Зазвонил телефон, и она, оборвав фразу на полуслове, схватила трубку:

— Игорек! — воскликнула восторженно и замолкла. Слушала, поглаживая ласково пальцами трубку. — Да что ты говоришь! Ну поздравляю, поздравляю.

Спасибо, милый. Конечно, приду…

Звонок, видно, очень ее взбодрил. И она не удержалась, пояснила гордо присутствующим:

— Игорь Кубов звонил — ученик мой. Ну, знаете, Первая премия в Брюсселе.

Сразу стала как-то выше и еще горбоносое: чувствовалось, что она переживает момент торжества. Но и в такой момент деловитость ее не покидала.

Прищурившись, взглянула на Машу, взяла ее за подбородок.

— Аппетитная девочка.

Наверно, это следовало воспринять как поощрение, но пальцы у горбоносой были жесткие, холодные.

Маша стояла спиной к роялю, горбоносая нажимала то одну, то другую клавишу, Маше надо было чисто пропеть ноту, а после сказать, что это — то ли «до», то ли «ре», то ли «ми».

Маму свою Маша не видела, но наблюдала, как все больше скучнеет лицо у горбоносой.

— Видите ли… — закончив испытания, обратилась она к Машиной маме, и Маша не стала слушать, подошла к шкафчику, где за стеклом стояли фарфоровые финтифлюшки.

Как все дети, Маша была любопытна. В ней еще не проявилось свойство людей взрослых все видеть, воспринимать только с точки зрения собственной персоны, — она видела живо, ярко, непосредственно, и все новое возбуждало ее интерес. Детское видение, детское восприятие тем и хорошо, что свободно, не угнетается никакими правилами, ограничениями, и занято не собой, а окружающим и окружающими.

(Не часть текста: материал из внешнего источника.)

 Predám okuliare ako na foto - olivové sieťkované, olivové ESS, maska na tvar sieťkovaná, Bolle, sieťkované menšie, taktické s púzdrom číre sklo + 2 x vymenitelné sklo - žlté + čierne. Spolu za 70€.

Пока мама и горбоносая говорили. Маша разглядывала комнату. Мебель стояла тесно, впритирку, потому что очень много места занимал рояль. На круглом столе, покрытом темной скатертью, сахарница, вазочка с печеньем, стакан с простывшим чаем, а на подставке закопченный алюминиевый чайник.

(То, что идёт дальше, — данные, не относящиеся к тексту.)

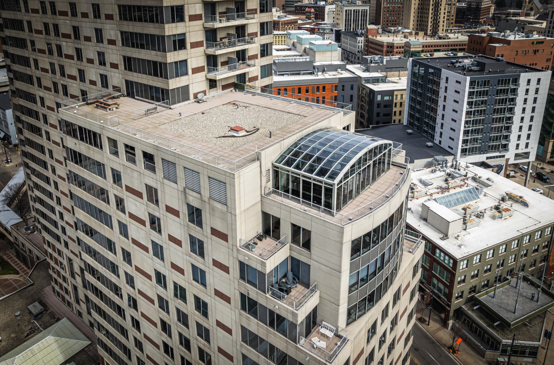 Positioned atop the skyline, this 18th-floor executive penthouse represents one of the most exclusive luxury residences in downtown Grand Rapids--designed for those who value privacy, prestige, and elevated living.At the heart of this one-of-a-kind residence is a rare, glass-enclosed sky lounge spanning over 500 square feet--an architectural showpiece featuring a full wet bar and panoramic city views. Widely regarded as one of the most distinguished private entertaining spaces in Grand Rapids, this signature feature delivers a seamless indoor-outdoor experience that rivals top-tier luxury properties in major metropolitan markets.Encased in floor-to-ceiling glass, the residence captures unobstructed, sweeping views of the downtown skyline, Grand River, and beyond--offering an ever-changing backdrop of natural light and city energy from nearly every room. A full wraparound terrace further expands the living experience, creating multiple outdoor environments for private relaxation or large-scale entertaining--an exceptionally rare offering in the downtown market.Inside, the open-concept design is both sophisticated and functional, with expansive living and dining areas tailored for executive lifestyles. The chef-inspired kitchen features custom cabinetry, premium finishes, and generous workspace--ideal for both everyday living and hosting at scale.The primary suite serves as a private executive retreat, elevated above the city with commanding views and designed for refined comfort. The spa-caliber bathroom includes a steam shower, heated floors, and luxury finishes--delivering a daily wellness experience comparable to five-star accommodations.Residents benefit from a full-service luxury amenity package, including 24/7 security, indoor pool, hot tub, state-of-the-art fitness center, and an expansive outdoor recreation deck with basketball and tennis courts. A climate-controlled skybridge provides seamless connectivity--an added level of convenience rarely found in downtown living.Strategically located near the Grand River, riverfront amphitheater, and the citys new professional soccer stadium, this residence sits at the epicenter of Grand Rapids continued economic growth, cultural expansion, and real estate appreciation.Featuring two bedrooms, two full bathrooms, and the rare advantage of two reserved parking spaces, this penthouse is uniquely positioned within the market.This is more than a residence--it is a legacy asset, a private sanctuary, and a definitive statement of success in the heart of Grand Rapids.
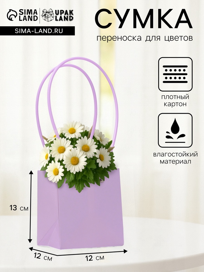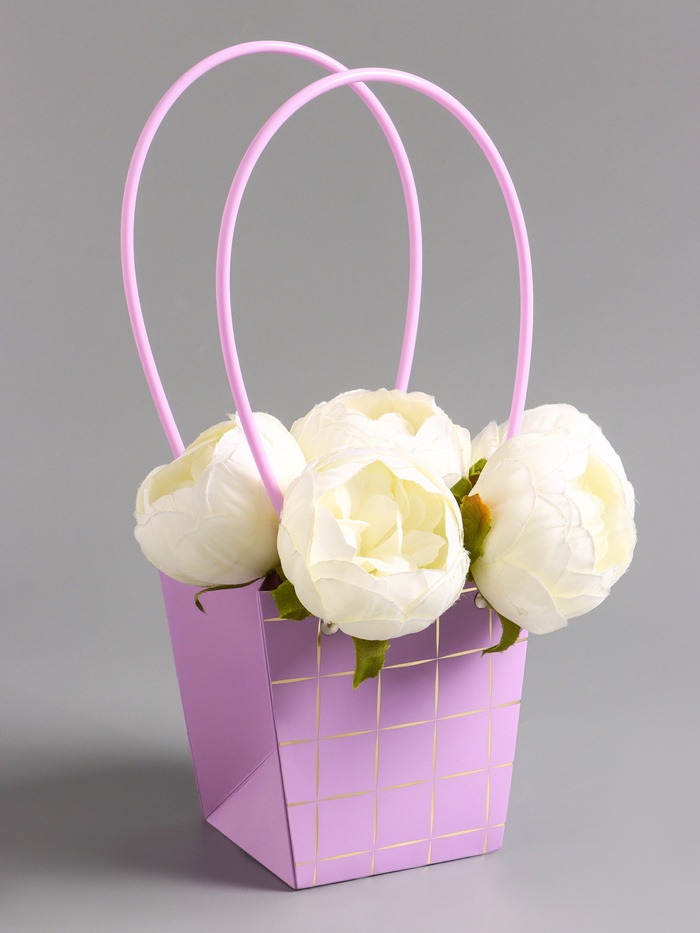 Сумка для цветов, квадратная, сиреневая, влагостойкая, 13×12×12 см

По-видимому, горбоносая не особо пеклась о домашнем уюте, ей было недосуг.

А на стенах висели фотографии в рамочках. Молодые лица, в анфас и в профиль, совсем не похожие, но с каким-то неуловимым сходством. Сходство, вероятно, возникало из-за общности выражения: юношески откровенное торжество, слегка надменное, холодноватое, ощущалось и в темных, и в светлых глазах, и в острых, и в округлых подбородках. А наискосок, или внизу, или сбоку шли надписи: «Первой моей учительнице», «Дорогой Ираиде Сумбатовне», «Моей наставнице» и т. д.

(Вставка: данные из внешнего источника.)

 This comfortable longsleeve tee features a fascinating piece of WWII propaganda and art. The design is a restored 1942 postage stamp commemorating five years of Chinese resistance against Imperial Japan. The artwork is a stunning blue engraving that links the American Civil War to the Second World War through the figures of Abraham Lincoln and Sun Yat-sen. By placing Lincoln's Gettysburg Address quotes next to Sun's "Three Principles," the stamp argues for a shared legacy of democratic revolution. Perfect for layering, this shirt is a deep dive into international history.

Количество фотографий — их было не меньше десятка, и все аккуратно окантованы, застеклены, — вызывало двойственное впечатление: уважительное — вот, значит, она какая, Ираида Сумбатовна! Но вместе с тем и снисходительное — тщеславие всегда уязвимо. Демонстрируют свое сокровенное обычно те люди, чье самолюбие ущемлено. И именно такие люди стараются вести себя с особой властностью, авторитарность.